• _Task instructions_
Transcribe, exactly and without pictures, the lines below from the line with "We are not going to attack" to the line with "如果国内有朋友来科伦坡,想吃", both ends included, and no others.

(Collected data entries)
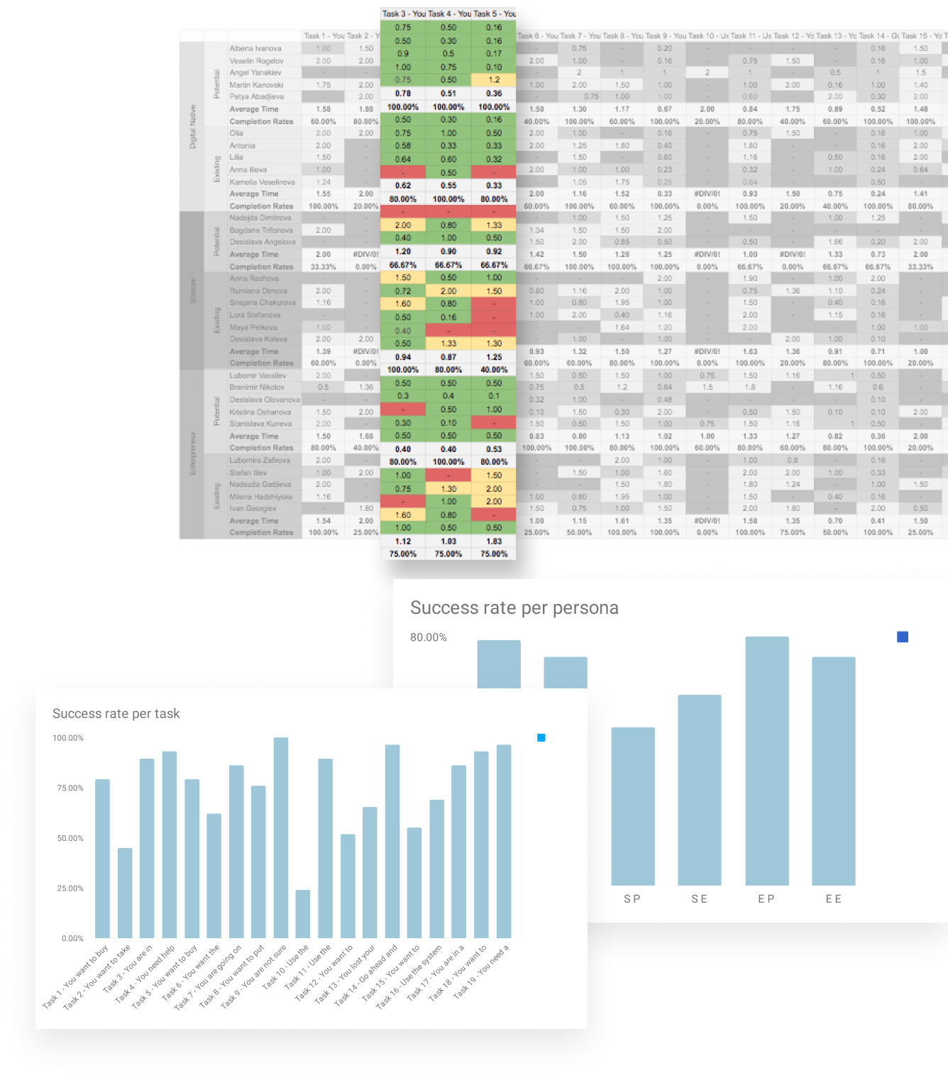 We perform both live user tests and remote usability testing. If the team is working on reimagining the existing client product, we perform 2 rounds of testing: with existing solution and testing the new approach.
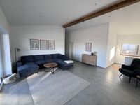 Großes Wohnzimmer mit Ausziehcouch für 2 weitere Gäste und 75" Smart TV und Balkon
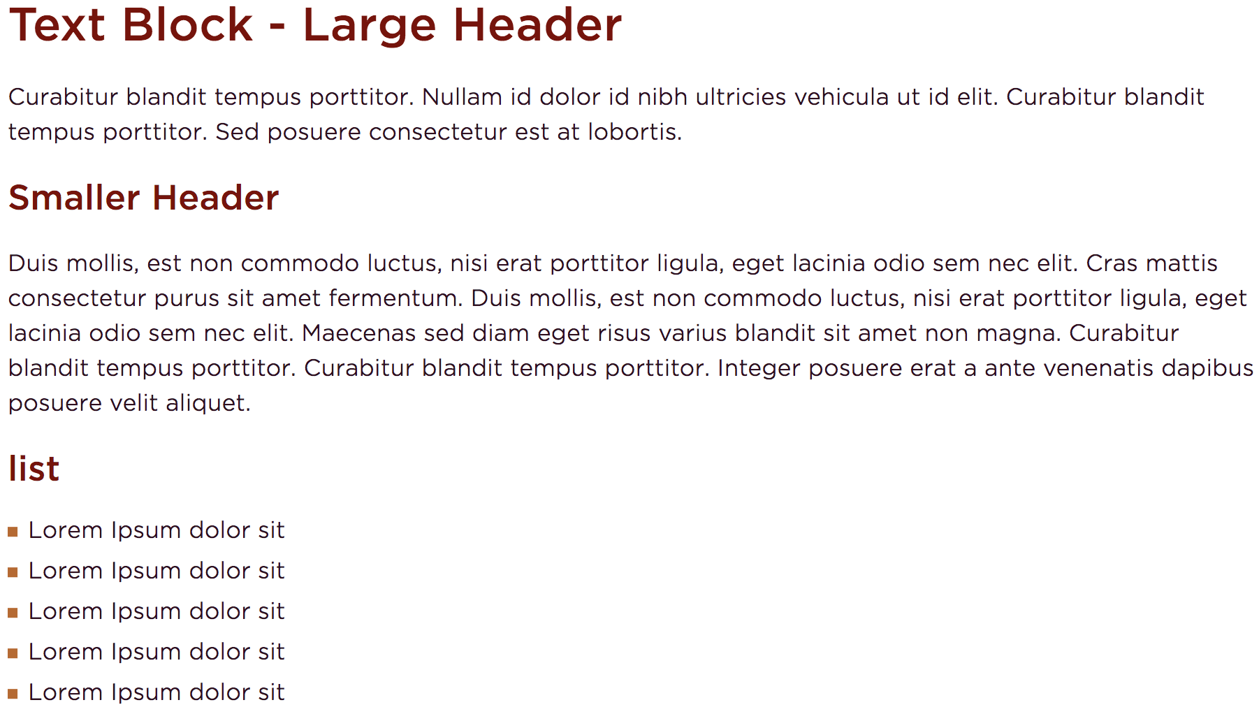 Next is a text content block. You can insert headers of different sizes, paragraph text, lists, links, and symbols. The basic formatting options are along the top bar of the textbox. The image shows how headers and lists would be displayed.
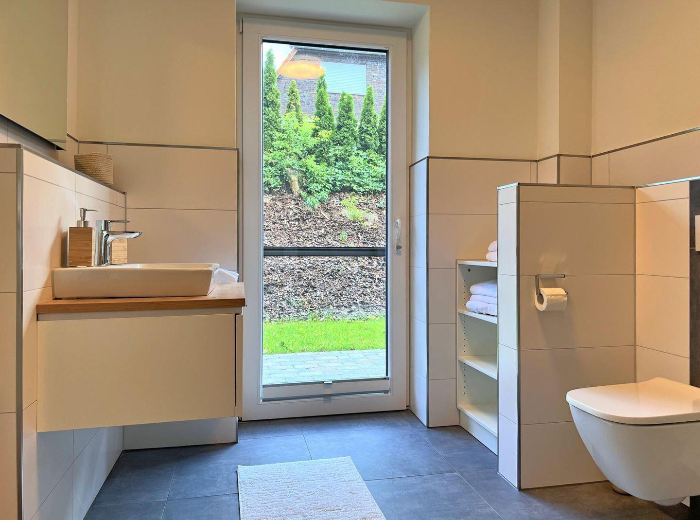 Duschbad : bodentiefe, barrierefreie Regendusche, Waschtischanlage mit Spiegel, Abstellflächen, WC, Haartrockner
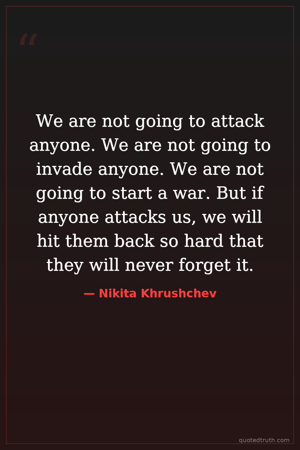 We are not going to attack anyone. We are not going to invade anyone. We are not going to start a war. But if anyone attacks us, we will hit them back so hard that they will never forget it.
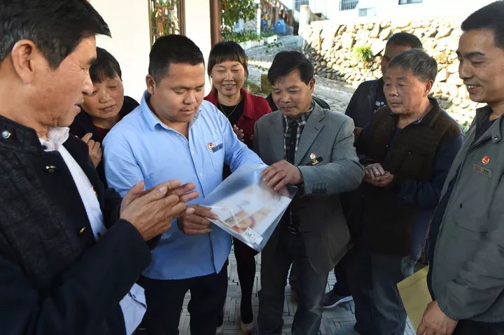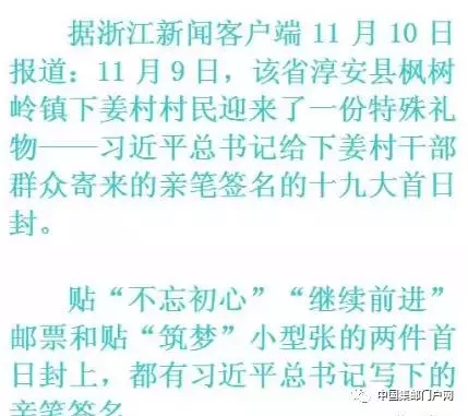 【要闻】总shu记签名首日封实物图今日首次披露(之前只有报道没有图片) 日期:2017-11-14 2017-11-14 中国集邮门户网 11月9日,浙江省淳安县枫树岭镇下姜村,秋阳朗照,层林尽染。这一天,下姜村村民迎来了一份特殊的礼物 下姜村村民在村口争相传看寄来的首日封
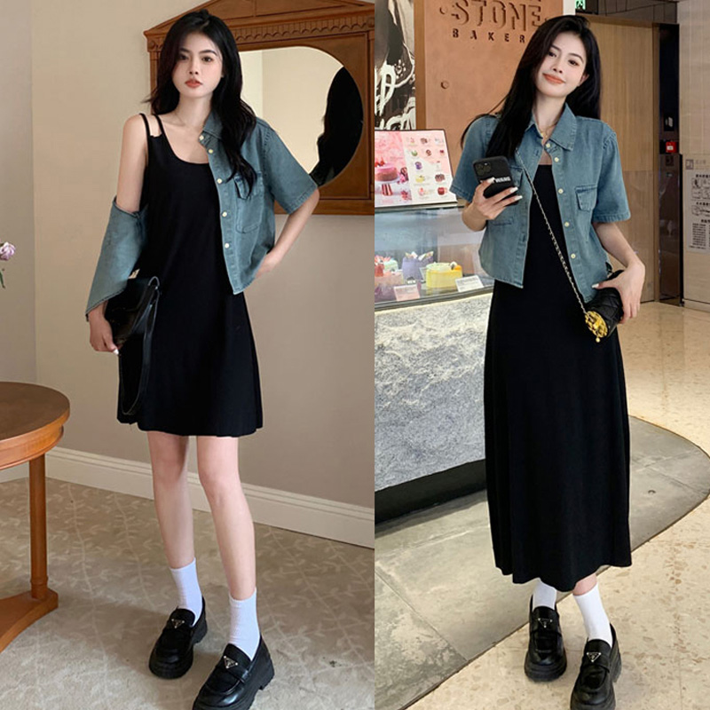 فستان نسائي من قماش الدنيم التنحيف الذي يغطي الجلد
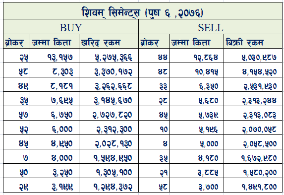 शिवम सिमेण्ट्सको अघिल्लो पटकको बुलमा ५८ नम्बर ब्रोकरबाट सर्वाधिक खरिद बिक्री भएको थियो।
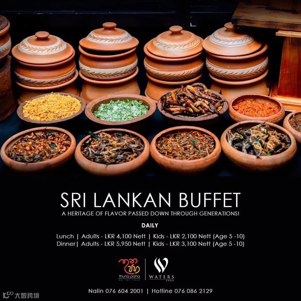 如果国内有朋友来科伦坡,想吃兰卡餐的话,推荐可以试试在议会区域的Waters Edge酒店的兰卡美食自助,午餐含税价4100卢比/人,晚餐含税价5950卢比/人。
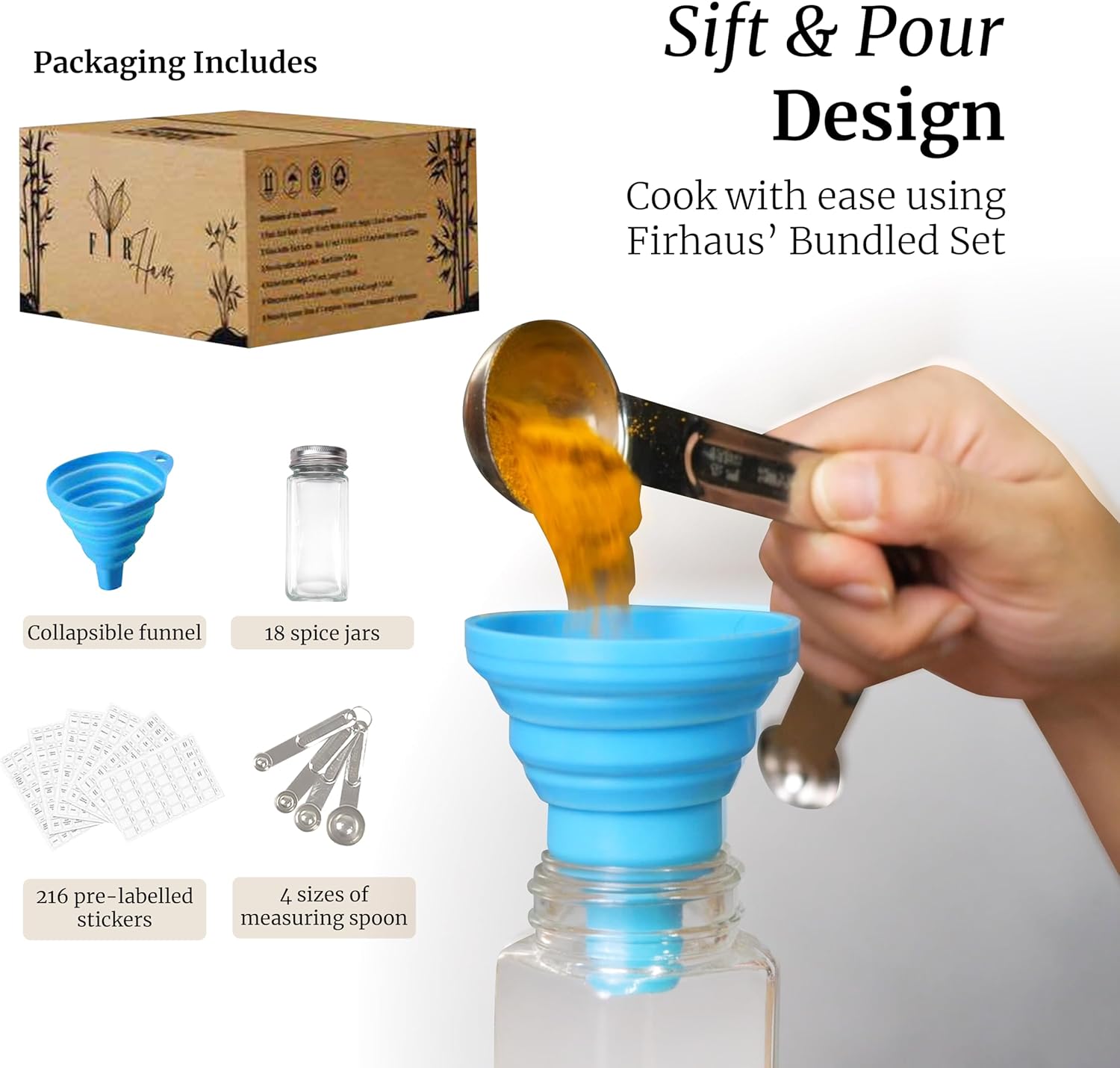 - [Practical Housewarming Gift] Spice Drawer Organizer with Jars and Labels would be thoughtful as a gift. Included 18 spice jars with label, 216 spice labels, 4 measuring spoons, funnel, non-slip pads.
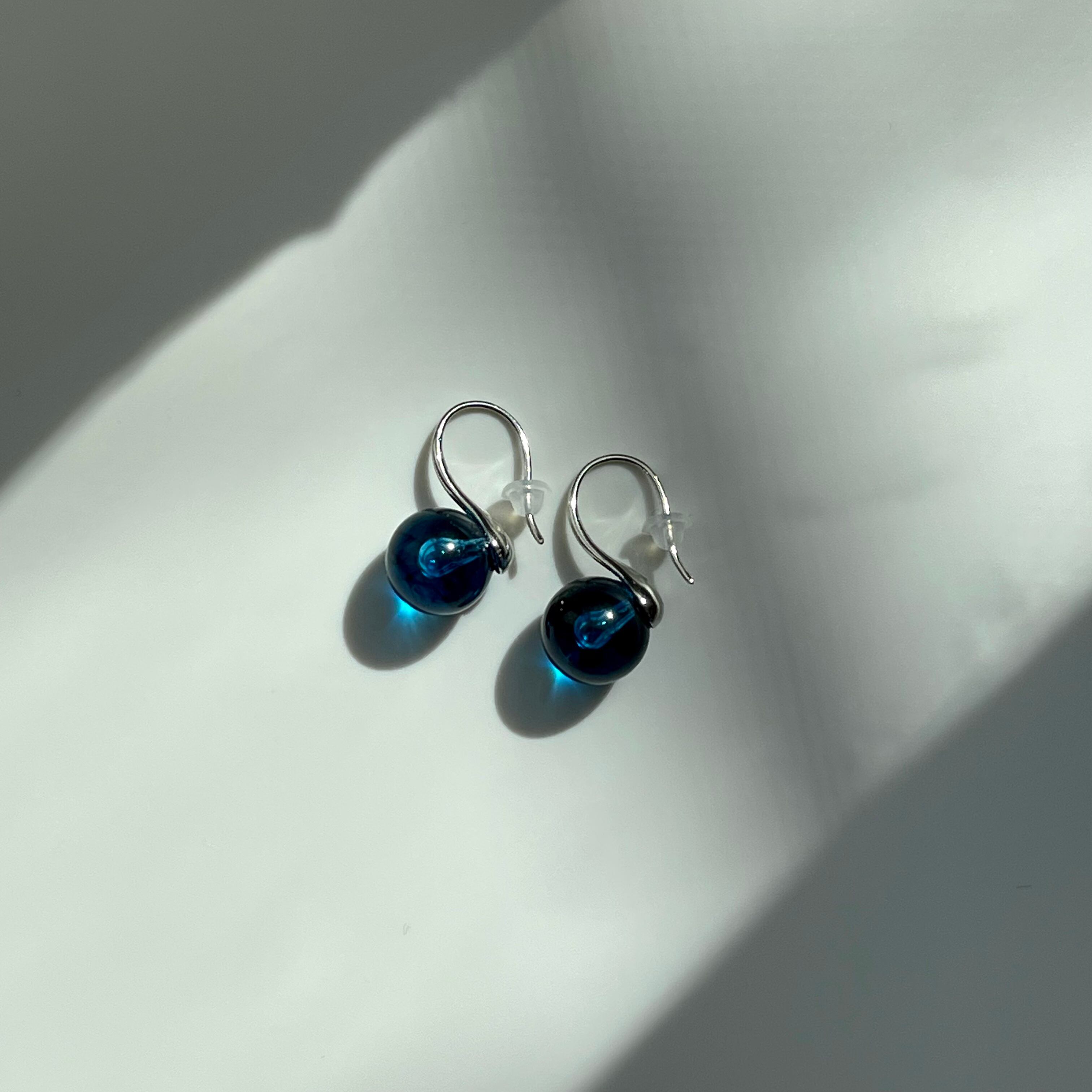 艶のあるドイツ製のブルーストーンを使ったピアスです。

• _Completed task_
 We are not going to attack anyone. We are not going to invade anyone. We are not going to start a war. But if anyone attacks us, we will hit them back so hard that they will never forget it.
 【要闻】总shu记签名首日封实物图今日首次披露(之前只有报道没有图片) 日期:2017-11-14 2017-11-14 中国集邮门户网 11月9日,浙江省淳安县枫树岭镇下姜村,秋阳朗照,层林尽染。这一天,下姜村村民迎来了一份特殊的礼物 下姜村村民在村口争相传看寄来的首日封
 فستان نسائي من قماش الدنيم التنحيف الذي يغطي الجلد
 शिवम सिमेण्ट्सको अघिल्लो पटकको बुलमा ५८ नम्बर ब्रोकरबाट सर्वाधिक खरिद बिक्री भएको थियो।
 如果国内有朋友来科伦坡,想吃兰卡餐的话,推荐可以试试在议会区域的Waters Edge酒店的兰卡美食自助,午餐含税价4100卢比/人,晚餐含税价5950卢比/人。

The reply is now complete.